» **What you have to do**: In this exercise, retype exactly and only the lines from the top of the entries below through the line that holds "Купить Влажный корм", omitting pictures.

» **Given entries**:
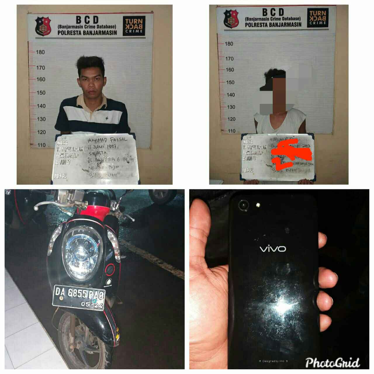 Banjarmasin, BARITO – Sungguh keterlaluan pelaku jambret  bernama Akhmad Faisal  (23) ini dalam aksinya dia melibatkan anak dibawah umur berinisial MN (15)  Kamis (3/10/2019) sore pukul  18.00 Wita lalu. Mereka merampas ponsel di Jalan  Ir PHM  Noor Samping Gang Perjuangan Kelurahan Pelambuan Kecamatan  Banjarmasin  Barat.
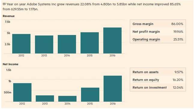 Adobe的当前股价表明它是一只价值型股票,公司股价一直以来的出色表现也反应了公司目前的发展状况相当不错。公司CEO Shantanu Narayen冒险行事,将Adobe的重心转向订阅模式,但所幸业绩甚佳。从上表数据可知,Adobe认为在传统软件开发、市场营销及统计分析等方面加大对云计算的投入将会使公司营收持续增加。截至2016年末,Adobe营收创下历史新高,达58.5亿美元,其中40亿美元来自订阅业务,这为公司发展打下坚实基础。同时也意味着公司季报表现也将令人满意,从而使Adobe股价更加稳定上涨。
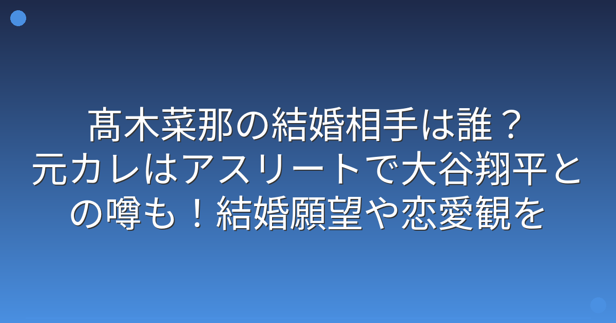 そこで今回は、髙木菜那さんの結婚に関する最新情報や、これまでの恋愛遍歴について詳しく見ていきましょう!
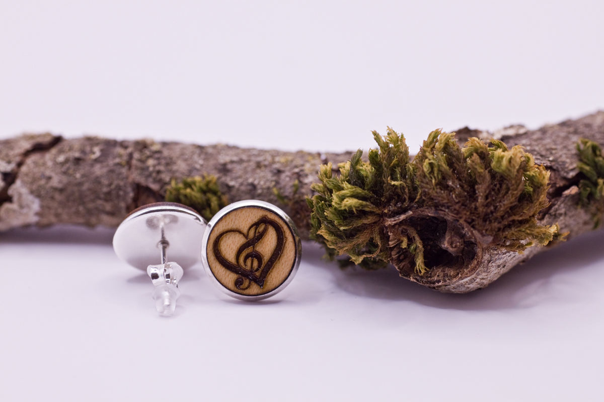 - 1 Paar Glücks-Holz Ohrstecker „Liebe der Musik“.
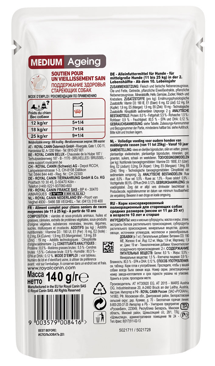 Купить Влажный корм для пожилых собак Royal Canin старше 10 лет 1 уп. х 10 шт. х 140 г (для средних пород)
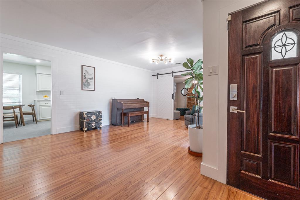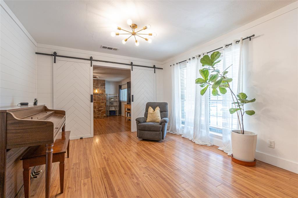 Inviting and stylish Mid-Century Modern located in the heart of Lake Highlands and zoned to highly rated Wallace Elementary (RISD), this beautifully updated home blends classic charm with modern functionality. The updated kitchen features quartz countertops, a custom subway tile backsplash, updated appliances, and spacious laundry area with abundant storage. Living spaces offer great versatility. A generously sized living room with an additional exterior door and attached third bath could serve as a fourth bedroom or media-entertainment room. The primary suite includes a walk-in closet and an ensuite bath with mid-century period tile. The third bedroom features an attached study or kids playroom, overlooking the lush backyard and large patio. The backyard also includes a versatile detached workshop or potential private home office, with new flooring, extra attic space, electric and air conditioning. Unbeatable locale just minutes from White Rock Lake, trendy shopping, dining, and major thoroughfares. This home delivers location, flexibility, and timeless appeal in one of Dallas’ most desirable neighborhoods.
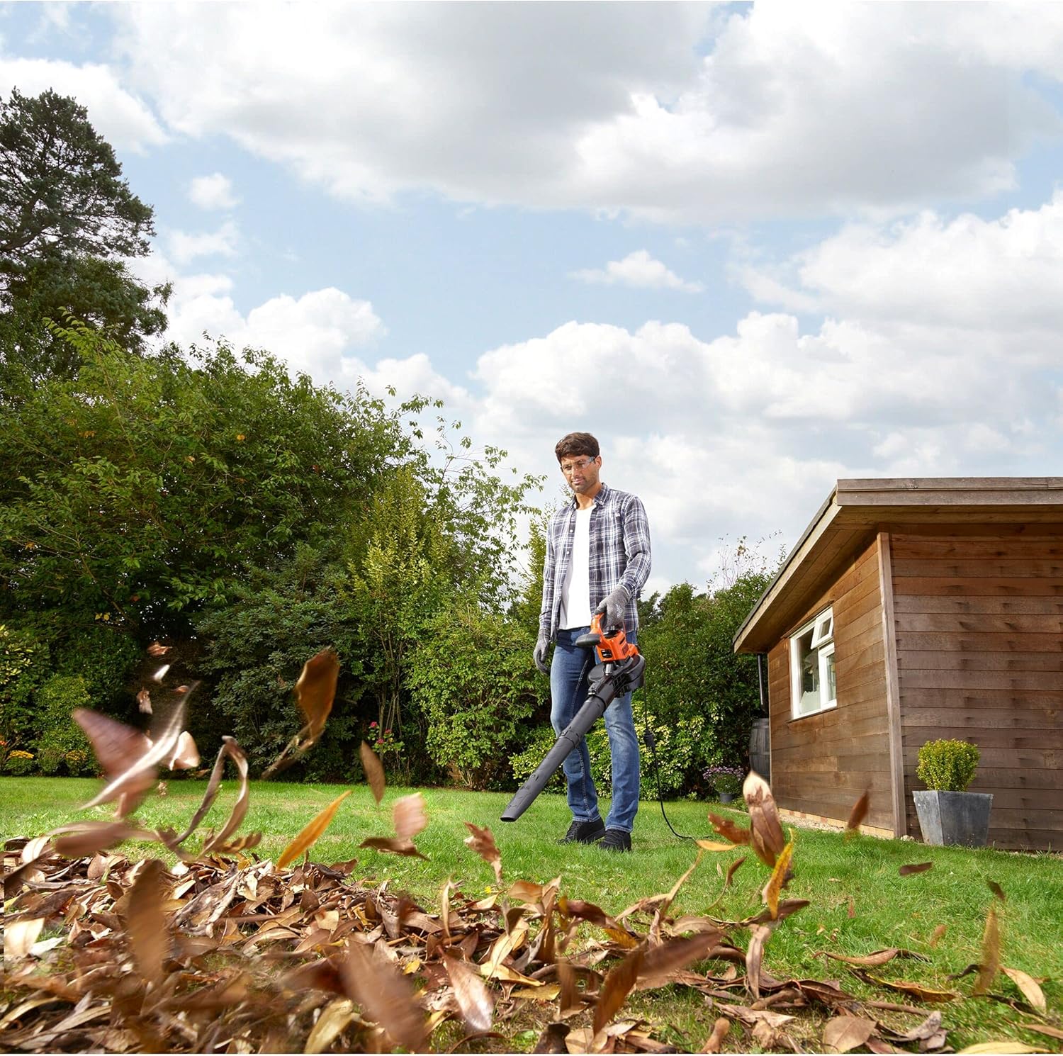 جاروبرقی/دمنده برقی 3 در 1 بلک + دکر BEBLV301 (3000 وات، با خردکن + چنگک برگ قابل اتصال، کوله پشتی کیسه جمع آوری 72 لیتری - سرعت دمیدن بالا و قدرت مکش قابل تنظیم)

» **Response area**:
 Banjarmasin, BARITO – Sungguh keterlaluan pelaku jambret  bernama Akhmad Faisal  (23) ini dalam aksinya dia melibatkan anak dibawah umur berinisial MN (15)  Kamis (3/10/2019) sore pukul  18.00 Wita lalu. Mereka merampas ponsel di Jalan  Ir PHM  Noor Samping Gang Perjuangan Kelurahan Pelambuan Kecamatan  Banjarmasin  Barat.
 Adobe的当前股价表明它是一只价值型股票,公司股价一直以来的出色表现也反应了公司目前的发展状况相当不错。公司CEO Shantanu Narayen冒险行事,将Adobe的重心转向订阅模式,但所幸业绩甚佳。从上表数据可知,Adobe认为在传统软件开发、市场营销及统计分析等方面加大对云计算的投入将会使公司营收持续增加。截至2016年末,Adobe营收创下历史新高,达58.5亿美元,其中40亿美元来自订阅业务,这为公司发展打下坚实基础。同时也意味着公司季报表现也将令人满意,从而使Adobe股价更加稳定上涨。
 そこで今回は、髙木菜那さんの結婚に関する最新情報や、これまでの恋愛遍歴について詳しく見ていきましょう!
 - 1 Paar Glücks-Holz Ohrstecker „Liebe der Musik“.
 Купить Влажный корм для пожилых собак Royal Canin старше 10 лет 1 уп. х 10 шт. х 140 г (для средних пород)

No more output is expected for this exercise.